Jeyrakh-Assin Reserve
Jeyrakh-Assin Reserve

The Jeyrakh-Assin historical, architectural and natural museum-reserve is located within the boundaries of the Jeyrakh district of the Republic of Ingushetia on the northern slopes of the foothills of the Central part of the Greater Caucasus Range. The reserve was established on June 2, 1988. The area of the reserve is slightly more than 627 square kilometers. The activity of the reserve is aimed at ensuring the preservation, restoration and study of territorial complexes of cultural and natural heritage, material and spiritual values in their traditional historical (cultural and natural) environment. On the territory of the museum-reserve there are 122 ancient architectural complexes, including more than 2,670 objects of cultural significance, including defensive and residential towers, burial crypts, Christian and pagan sanctuaries and temples. The oldest buildings of the megalithic type belong to the middle of the second millennium BC. Every year, significant scientific discoveries are made on the territory of the reserve, new objects are identified, archaeological expeditions are constantly working, scientists from all over the world come. Since 1996, the reserve has been a candidate for inclusion in the UNESCO World Heritage List.

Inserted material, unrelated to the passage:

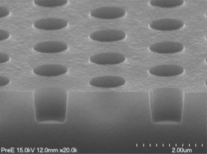 Cette étape consiste à retirer de la matière dans l’épaisseur du wafer en Silicium pour réaliser la structure en 3 dimensions propre à nos technologies (les Tripodes pour les technologies PICS2, 3 et 4).
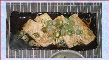 | 塩 | 少々 | A豆腐を器に出してから、フライパンに小口切りの葱と煮物のタレを入れ、弱火で加熱して少し煮つめて、@の上にかけて出来上がり。 | ||||||||||||||||||

Significant value in the reserve is given to work on creating conditions for the development of organized tourism, its educational and service component.

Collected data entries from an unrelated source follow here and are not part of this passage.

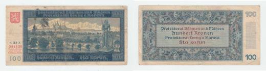 100 Koruna 1940 - 1.vyd., série 32A, BHK.32 , He.34a, "neperf.", skvrna
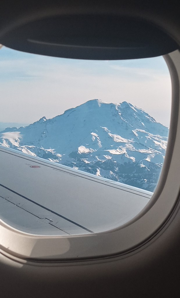 In April 2024, while flying from Pasco to Seattle in the United States, I was fortunate to be able to view the majesty of Takhoma (aka Mount Rainier) from the plane window. My neighbor in the window seat also enjoyed the view.
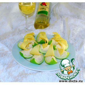 В каждую яблочную лодочку кладем начинку, кусочек сыра надевем на зубочистку в виде паруса и втыкаем в лодочку. Выкладываем на тарелку, можно украсить свежей зеленью по желанию.

The staff of the museum-reserve, within the framework of the plan of works on identification and registration of previously unrecorded architectural monuments, on the territory of the complex “Nyak'ist” discovered a previously unrecorded ancient monument with the signs of a cultural heritage object.

The revealed object is half-destroyed, located 200 meters south-west of the complex and, presumably, is a sanctuary. As it is known, a sanctuary is a building, premises, which our ancestors used for religious rituals.

The object is made of chiseled gray stone, the thickness of the walls is 50 cm. The preserved height of the walls is from 1.5 m (western wall) to 3 m (south-eastern wall), on the eastern wall there is a doorway - 0.6 m wide and 0.8 m high. The building is one-storeyed, no roof, foundations are present, the area at the base is about 9 square meters. The northern wall is semi-subterranean, the roof was stepped, the sanctuary is located in a dense thicket of woodland, perhaps that is why it has remained so far undiscovered.

Temples-sanctuaries, in distinction from crypt constructions, have doorways. The fact that the preserved building was a sanctuary, say and natives of this complex, who saw it intact in the 50-ies of the last century - after returning from deportation and noted that there were household items, as well as horns and bones of sacrificial animals.